IPCA de agosto mostra que luta contra a inflação no Brasil deve ser demorada

Especialistas avaliam que redução de impostos foi responsável pela queda dos preços e alta da Selic ainda não teve o efeito desejado na economia

Nesta sexta-feira (9), o mercado conheceu dados de inflação no Brasil em agosto. O IPCA (Índice Nacional de Preços ao Consumidor Amplo) recuou 0,36% no mês passado, em linha com o que o mercado esperava.
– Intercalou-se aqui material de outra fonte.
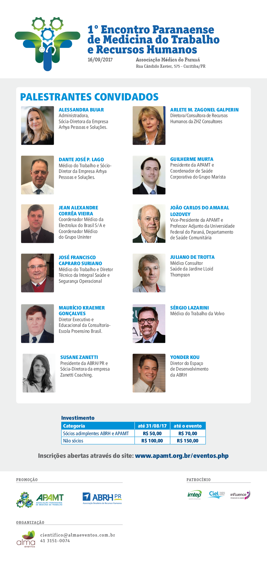 Com o objetivo de congregar os Médicos do Trabalho no Estado do Paraná e também com a intenção de estimular o interesse pela especialidade, sua divulgação e aperfeiçoamento; assim como defender a ética profissional, promover eventos, realizar estudos e manter o intercâmbio com outros colegas da área, foi fundada, em 2 de setembro de 1974... continuar lendo.
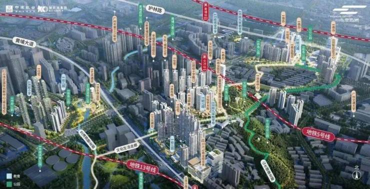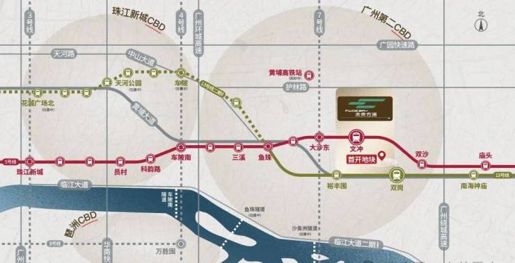 双黄金地铁线:5号线文冲站及13号线双岗站,3站金融城,6站琶洲,9站不换乘直达珠江新城板块
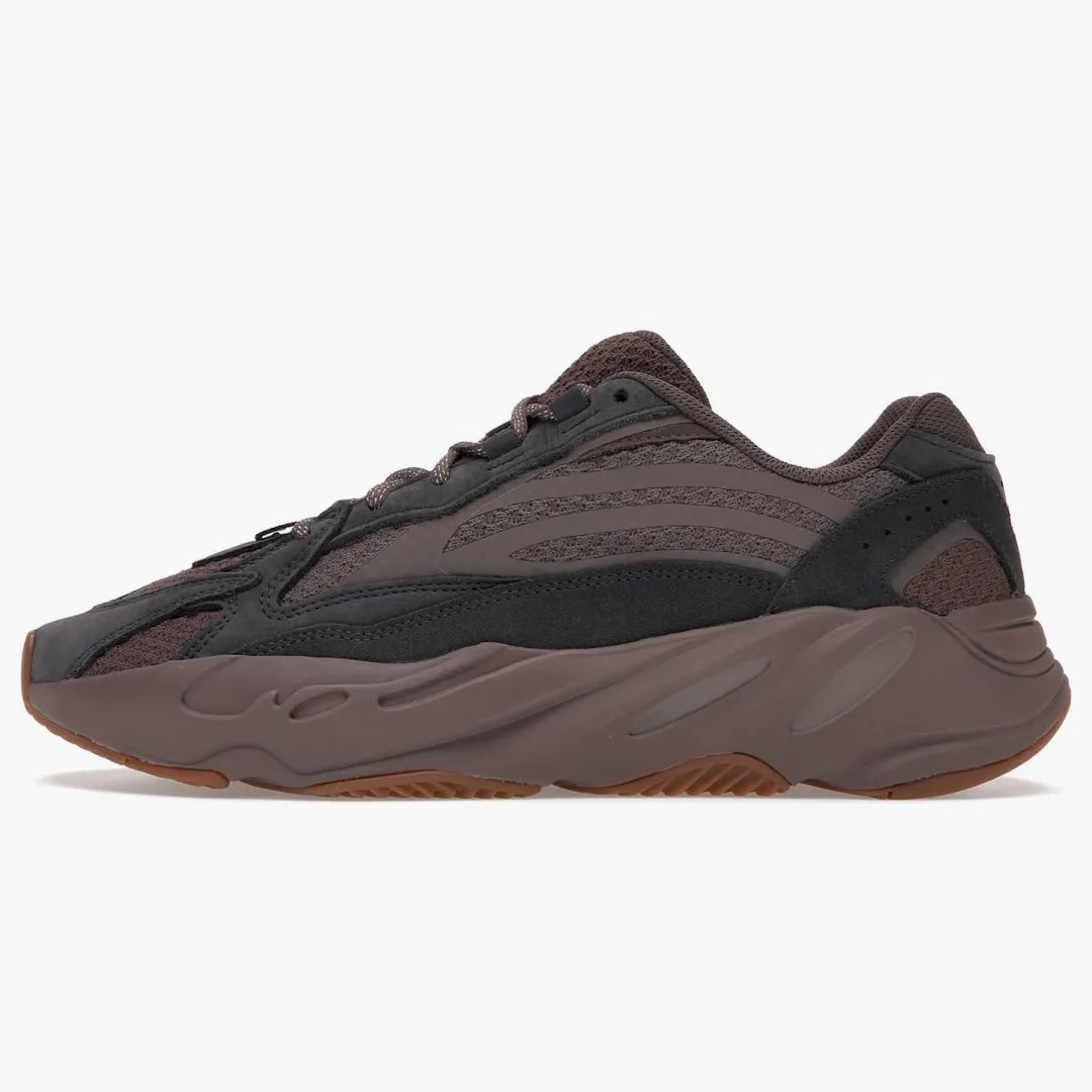 The Adidas Yeezy Boost 700 V2 Mauve impresses with an earthy design and striking style. This model combines a brown-colored mesh upper material with dark gray Nubuk overlays that together create a harmonious look. The characteristic three strips of Adidas add a subtle dynamic to the simple design. The shoe is rounded off by a sculptural boost oversole, which stands for the incomparable comfort, the Yeezy lover. A hard -wearing rubber outsole complements the stylish look perfectly. The release took place in September 2021 and the sneaker immediately established itself as a highlight among connoisseurs. Immerse yourself and experience the perfect symbiosis of functionality and style with the Yeezy Boost 700 V2 Mauve.Authenticity Guaranteed
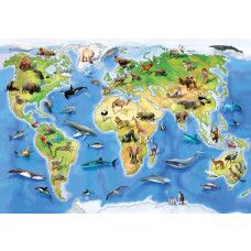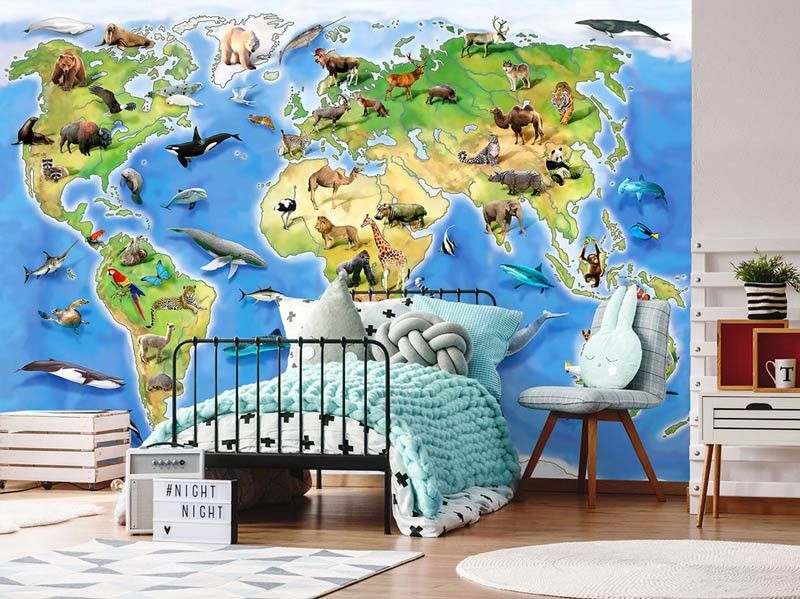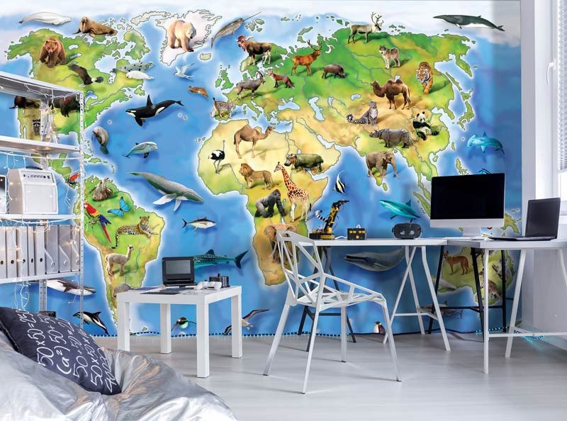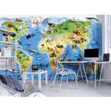 Vlies fotobehang van de wereldkaart en de dieren die daar te vinden zijn. Erg leerzaam voor kinderen.
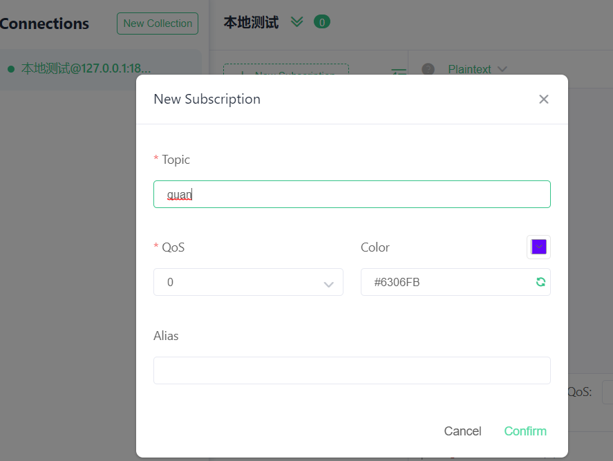 测试之前需要先订阅主题,类似于关注公众号,只有这样当订阅该主题的其他人(包括自己)发布的消息我们才正常接收到。
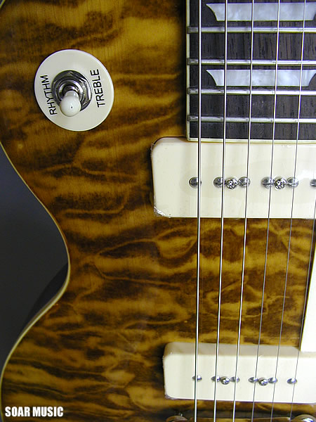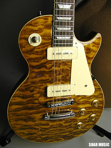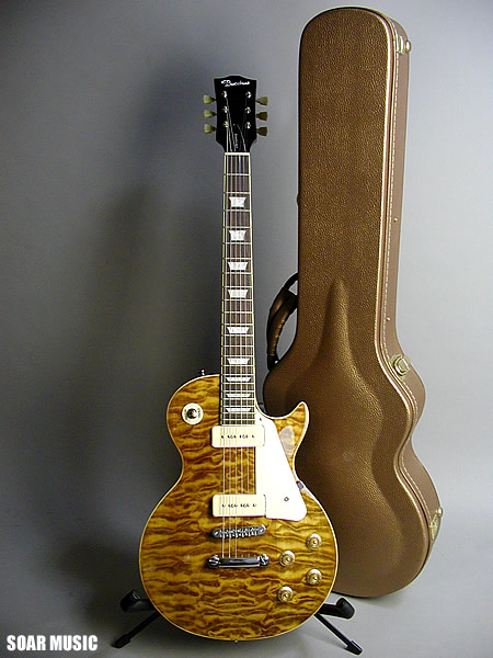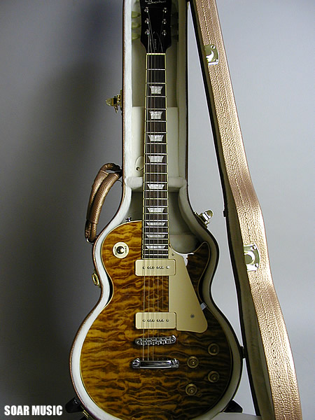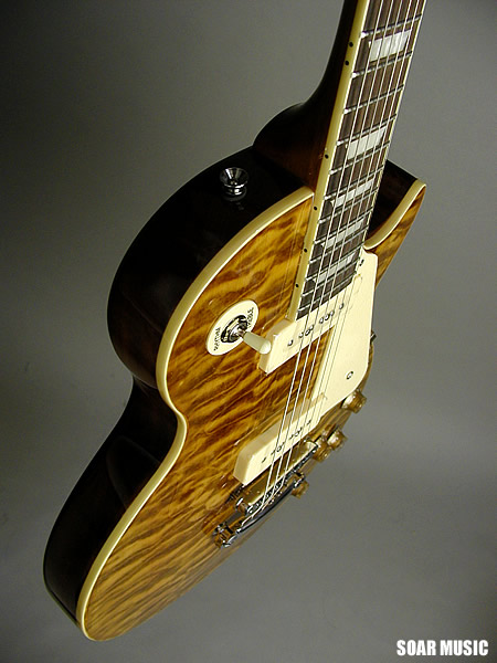 数量限定モデルを極少数で再入荷!斬新なトランスアンバーナチュラルカラーに塗装したキルトメイプルをボディトップに採用。塗装の性質上、キルトらしい自然な木目の映りを殺していますが、それを補って余りあるインパクト重視の大胆なルックスが醍醐味です。ギター本体をより引き立てるゴールド×ホワイトファーのハードケースも付属。極少数、在庫限りのスポット生産のため、お早目のご検討をお奨め致します。
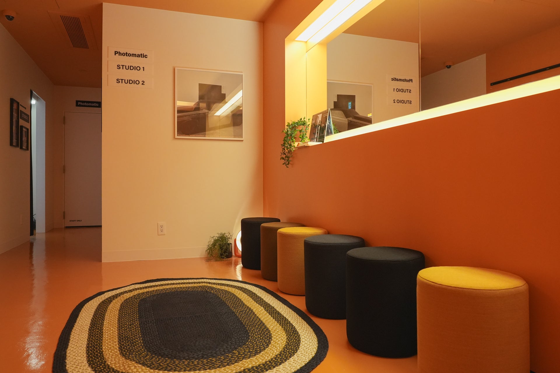 フラッグシップショップの店舗デザインは、韓国のPhotomatic店舗デザインを手掛けるデザイナーのイム・スミ氏が担当し、オレンジ✕ブラックを基調とした、大切な写真のように、長い歳月を経て完成するインテリアで構成された内装でお客様をお迎えします。Photomaticでのセルフフォト撮影はもちろん、店内の雰囲気を背景にお持ちのスマートフォン等での撮影もお楽しみください。
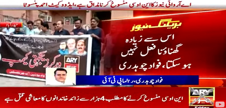 پی ٹی آئی رہنما فواد چوہدری نے اے آر وائی نیوز کے این او سی کی منسوخی کی شدید مذمت کرتے ہوئے کہا ہے کہ اس سے زیادہ گھناؤنا اقدام نہیں ہوسکتا۔
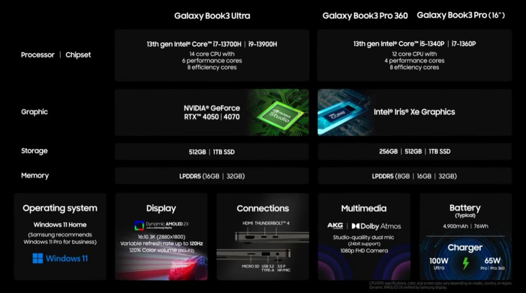 到了发布会的后半部分则是电脑专场,三星发布了 Galaxy Book3 Pro 、Book3 Pro 360 和 Book3 Ultra 共三款新品。

Mesmo assim, agentes seguem preocupados com os preços e com o efeito que os dados têm na política monetária do Banco Central

A avaliação de especialistas é de que a alta da Selic para 13,75% ao ano ainda não teve efeito significativo nos preços e as quedas no IPCA de julho e agosto foram resultados da política fiscal do governo, e não da política monetária do BC. 

Por isso, os dados de hoje despertam um temor de juros mais altos por mais tempo ou até de novo aumento da Selic.

Nicolas Borsoi, economista-chefe de Nova Futura Investimentos, afirma que o indicador, somado a falas recentes de Roberto Campos Neto, presidente do BC, deixam “em aberto a chance do Copom elevar a Selic em mais 0,25 ponto percentual”, e que “essa abertura ruim do IPCA indica que o trabalho do BC ainda vai ser longo, sugerindo que a Selic não deve ser cortada tão cedo”.

A ponta curta da curva de juros futuros, mais sensível à política monetária, opera em alta nesta sexta-feira, mostrando que as apostas para uma alta de 0,25 p.p. da Selic foram elevadas. Perto das 11h, a taxa do contrato de Depósito Interfinanceiro (DI) para janeiro de 2024 subia de 13,025% para 13,085%. O contrato de DI para janeiro de 2025 saía de 11,76% para 11,77%. 

“De fato temos uma queda da inflação na margem, queda esta motivada por fatores exógenos à dinâmica de preços em si – corte de impostos –, mas ainda temos uma projeção de alta de preços”, afirma André Perfeito, economista-chefe da Netcon. Perfeito projeta alta próxima a 6% do IPCA em 2022, mas pontua que são “6% sobre uma inflação já elevada”.

Em comentário enviado a clientes, Alexandre Póvoa, estrategista da Meta Asset Management, disse que “o que mais preocupa é a incrível inércia da inflação, apesar de toda a alta acumulada na taxa Selic, que jogou o juro real brasileiro prospectivo para acima de 8% ao ano”. 

IPCA ruim por dentro

Esse sentimento de preocupação vem, principalmente, porque o IPCA só vem recuando por causa dos combustíveis, que tiveram retração de 10,82% em agosto. Essa queda, porém, foi incentivada pelo corte de impostos, e não pela dinâmica de preços em si. O preço do petróleo lá fora continua alto, o que impacta os valores por aqui.

Outro fator que preocupa é o índice de difusão da inflação. Esse dado mede a quantidade de produtos e serviços que subiram no mês em relação ao total de itens pesquisados pelo IBGE. Em agosto, o índice voltou a crescer e revelou que 65% dos itens pesquisados tiveram alta nos preços.

“Núcleos variaram mais que o esperado e o índice de difusão segue forte. Isto preocupa e mostra que ainda temos uma inflação muito disseminada”, afirma Rafael Pacheco, economista da Guide Investimentos. 

As análises mostram que há muito mais a ser observado no IPCA do que apenas o indicador final. Especialistas avaliam que os dados de inflação vieram “ruins por dentro” e que a luta contra a alta dos preços deve ser longa e difícil.